College of Biosystems Engineering and Food Science, Zhejiang University, Hangzhou, Zhejiang, 310058, China; Key Laboratory of on Site Processing Equipment for Agricultural Products, Ministry of Agriculture and Rural Affairs, China.
School of Geosciences and Info-Physics, Central South University, South Lushan Road, Changsha, 410000, China.
Anal Chim Acta. 2020 Jul 4;1119:41-51. doi: 10.1016/j.aca.2020.03.055. Epub 2020 Apr 8.

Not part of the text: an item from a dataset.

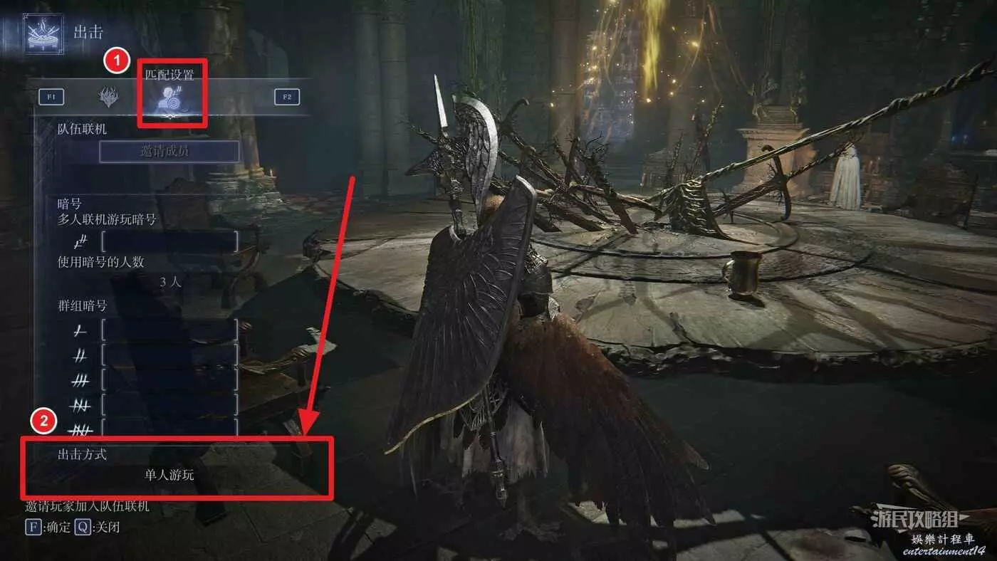 艾爾登法環 黑夜君臨 單人遊玩方法 30 5 月 2025-05-30 廣告 作者:瑞破受氣包 來源:遊民星空 完成教學後(ESC選項功能表中可以直接結束教學)進入圓桌廳堂,與圓桌互動【出擊】,在出擊介面切換【匹配設置】標籤頁,在最下方選擇【單人遊玩】即可。

Deep learning approaches, especially convolutional neural network (CNN) models, have achieved excellent performances in vibrational spectral analysis. The critical drawback of the CNN approach is the lack of interpretation, and it is regarded as a black box. Interpreting the learning mechanism of chemometric models is critical for intuitive understanding and further application. In this study, an interpretable CNN model with a global average pooling layer is presented for Raman and mid-infrared spectral data analysis. A class activation mapping (CAM)-based approach is leveraged to visualize the active variables in the whole spectrum. The visualization of active variables shows a discriminative pattern in which the most contributed variables peaked around theoretical chemical characteristic bands. The visualization of the feature maps by three convolutional layers demonstrates the data transformation pipeline and how the CNN model hierarchically extracts informative spectral features. The first layer acts as a Savitzky-Golay filter and learns spectral shape characteristics, while the second layer learns enhanced patterns from typical spectral peaks on a few correlated variables. The third layer shows stable activations on critical spectral peaks. A partial least squares - linear discriminant analysis (PLS-LDA) model is presented for comparison on classification accuracy and model interpretation. The CNN model yields mean classification accuracies of 99.01 and 100% for E. coli and meat datasets on the test set, while the PLS-LDA models obtain accuracies of 98.83 and 100%. Both the CNN and PLS-LDA models demonstrate stable patterns on active variables while CNN models are more stable than PLS-LDA models on classification performances for various dataset partitions with Monte-Carlo cross-validation.
深度学习方法,尤其是卷积神经网络(CNN)模型,在振动光谱分析中取得了优异的性能。CNN 方法的关键缺点是缺乏解释性,被视为黑箱。解释化学计量学模型的学习机制对于直观理解和进一步应用至关重要。在这项研究中,提出了一种具有全局平均池化层的可解释 CNN 模型,用于拉曼和中红外光谱数据分析。利用基于类激活映射(CAM)的方法对整个光谱中的活跃变量进行可视化。活跃变量的可视化显示了一个有区别的模式,其中贡献最大的变量在理论化学特征带附近达到峰值。通过三个卷积层对特征图的可视化展示了数据转换管道以及 CNN 模型如何分层提取信息丰富的光谱特征。第一层充当 Savitzky-Golay 滤波器,学习光谱形状特征,而第二层从少数相关变量上的典型光谱峰学习增强模式。第三层在关键光谱峰上显示稳定的激活。提出了偏最小二乘-线性判别分析(PLS-LDA)模型进行分类准确性和模型解释的比较。在测试集上,对于大肠杆菌和肉类数据集,CNN 模型的平均分类准确率分别为 99.01%和 100%,而 PLS-LDA 模型的准确率分别为 98.83%和 100%。CNN 和 PLS-LDA 模型在活跃变量上都表现出稳定的模式,而在各种数据集分区的 Monte-Carlo 交叉验证中,CNN 模型在分类性能上比 PLS-LDA 模型更稳定。